• Exercise requirements
From the listing below, output the lines between the one with "Офисный стол Кобор" and the one with "Nach dem Ändern", including those two, and nothing else. Pictures are not copied.

• Records provided
====
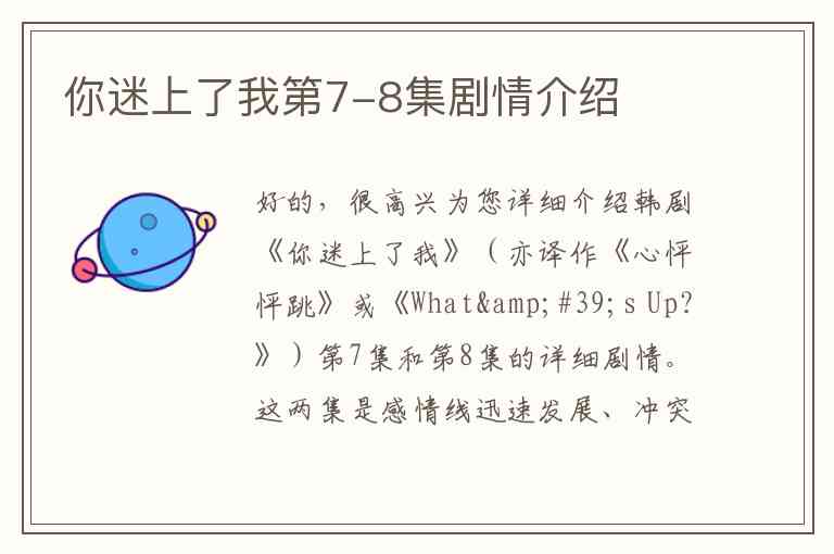 好的,很高兴为您详细介绍韩剧《你迷上了我》(亦译作《心怦怦跳》或《What's Up?》)第7集和第8集的详细剧情。
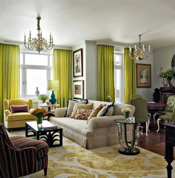 Рассмотрим некоторые из них. На фото интерьеры больших гостиных с зелеными акцентами:
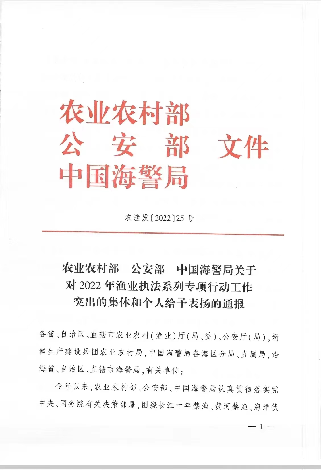 农业农村部、公安部、中国海警局关于对2022年渔业执法系列专项行动工作突出的集体和个人给予表扬的通报
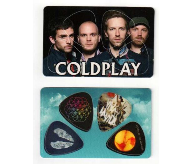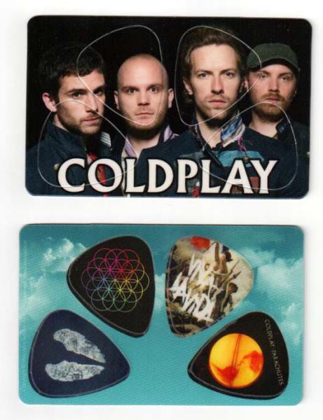 Bankpas-formaat card met 4 plectrums. De plectrums kunnen weer terug geplaatst en dat is heel handig voor in de portomonnee of gitaarkoffer! Leuke Coldplay print op beide zijden.
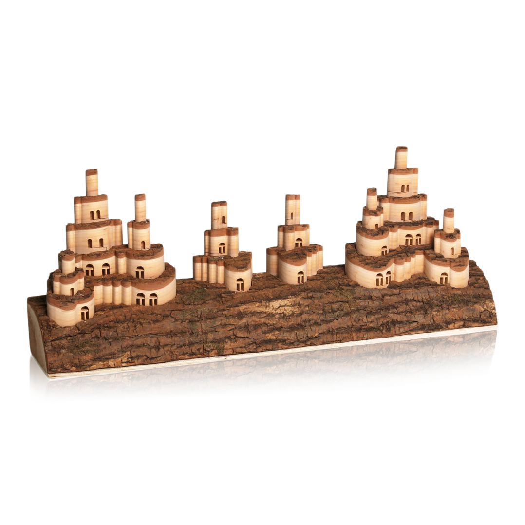 This intricately cut log hides a hidden fairy kingdom. Shake the log up and down and the telescoping towers seem to appear out of thin air. A whimsical piece of traditional craftsmanship that looks delightful on display but is even more fun to demonstrate for someone who is not expecting the surprise.
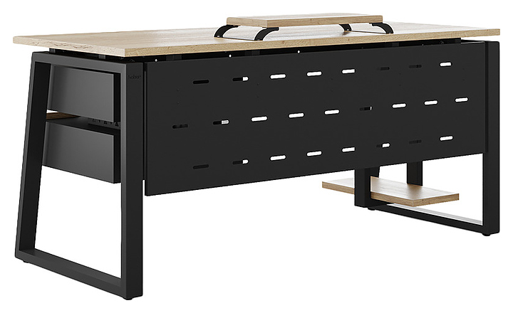 Офисный стол Кобор TS1-160/70 black/natural используется в офисных помещениях и кабинетах руководителей. Модель оснащена опорами в форме наклонной трапеции. Каркас выполнен из металла, выкрашенного в цвет черный муар (RAL9005), столешница – из ламинированной древесно-стружечной плиты (ЛДСП) цвета натуральный дуб (H1180 ST37). Опции (заказываются отдельно):
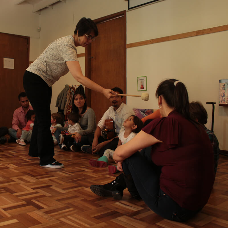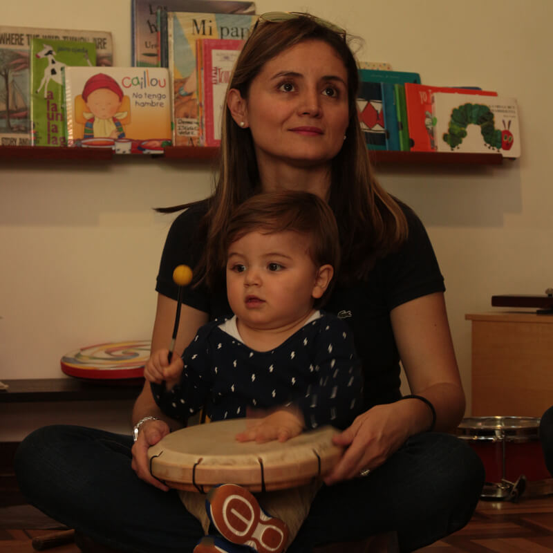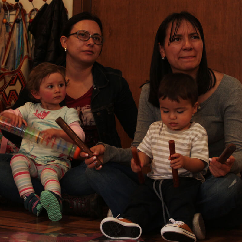 Daniel, el más grande del grupo, entra y mira alrededor. Lo mismo hace Julieta, con sus cachetes rosados; Emiliano, que está muy emocionado toca cada instrumento que encuentra a su paso; y Juanita, que tan solo tiene 8 meses, mira todo y abre sus pequeños ojos –atónita– por la estimulación que recibe al ver tantos niños, sonidos y movimiento. Ellos están acompañados de sus papás y cuidadores. En un círculo todos se sientan en el suelo; algunos prefieren las piernas de sus papás y otros, por el contrario, toman la batuta de la actividad y ayudan a Carmenza Botero, quien dirige el taller.
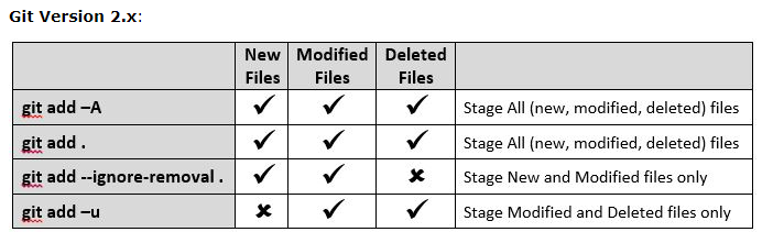 - git add . 提交新文件(new)和被修改(modified)文件,不包括被删除(deleted)文件
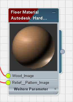 Nach dem Ändern des Bitmaps zeigt die Vorschau in der Titelleiste des Knotens des Floor Material die neue Holzmaserung an.
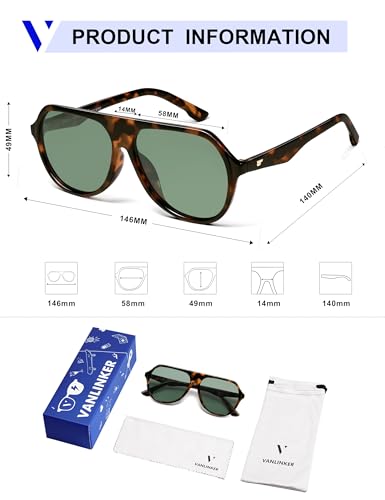 HOT ! VANLINKER Retro Oversized Polarized Aviator Sunglasses for Women Men Vintage 70s Big Square Aviators VL9851
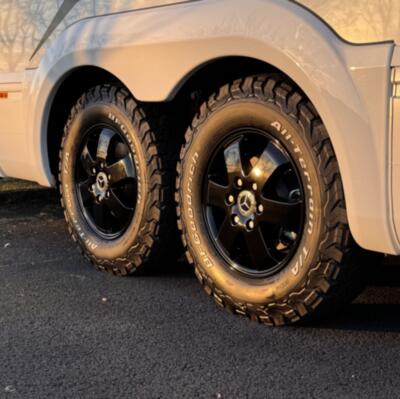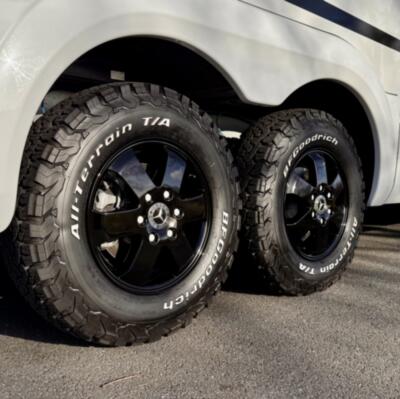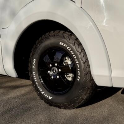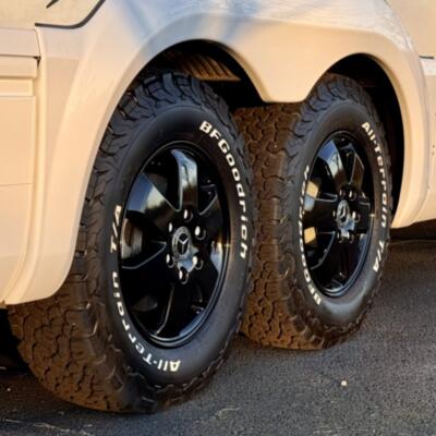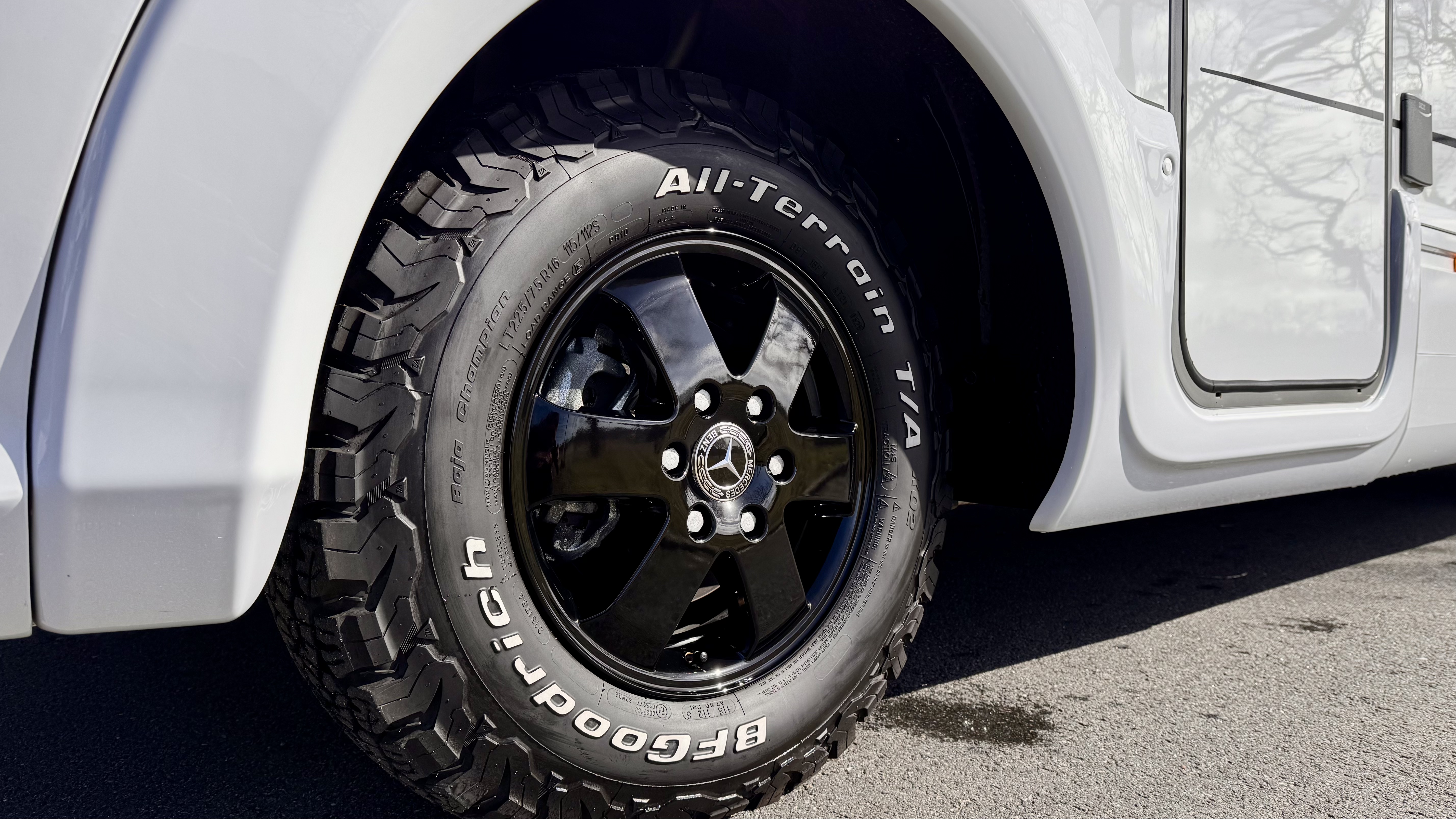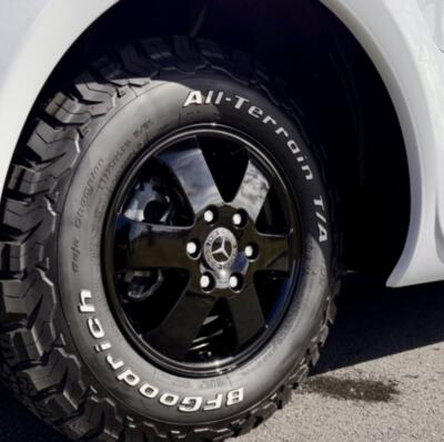 Svarta 16" aluminiumfälgar med BF Goodrich All-Terrain däck (18 000kr)Även godkända för vinterkörning.
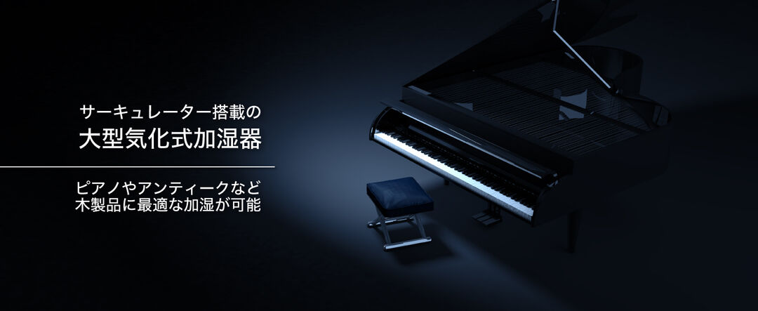ピアノなどの木製楽器、またアンテイーク家具などデリケートな木製品には、気化式加湿器EV200-JP、HM4.0-JPの2機種がおすすめです。
====
• Result of the exercise
 Офисный стол Кобор TS1-160/70 black/natural используется в офисных помещениях и кабинетах руководителей. Модель оснащена опорами в форме наклонной трапеции. Каркас выполнен из металла, выкрашенного в цвет черный муар (RAL9005), столешница – из ламинированной древесно-стружечной плиты (ЛДСП) цвета натуральный дуб (H1180 ST37). Опции (заказываются отдельно):
 Daniel, el más grande del grupo, entra y mira alrededor. Lo mismo hace Julieta, con sus cachetes rosados; Emiliano, que está muy emocionado toca cada instrumento que encuentra a su paso; y Juanita, que tan solo tiene 8 meses, mira todo y abre sus pequeños ojos –atónita– por la estimulación que recibe al ver tantos niños, sonidos y movimiento. Ellos están acompañados de sus papás y cuidadores. En un círculo todos se sientan en el suelo; algunos prefieren las piernas de sus papás y otros, por el contrario, toman la batuta de la actividad y ayudan a Carmenza Botero, quien dirige el taller.
 - git add . 提交新文件(new)和被修改(modified)文件,不包括被删除(deleted)文件
 Nach dem Ändern des Bitmaps zeigt die Vorschau in der Titelleiste des Knotens des Floor Material die neue Holzmaserung an.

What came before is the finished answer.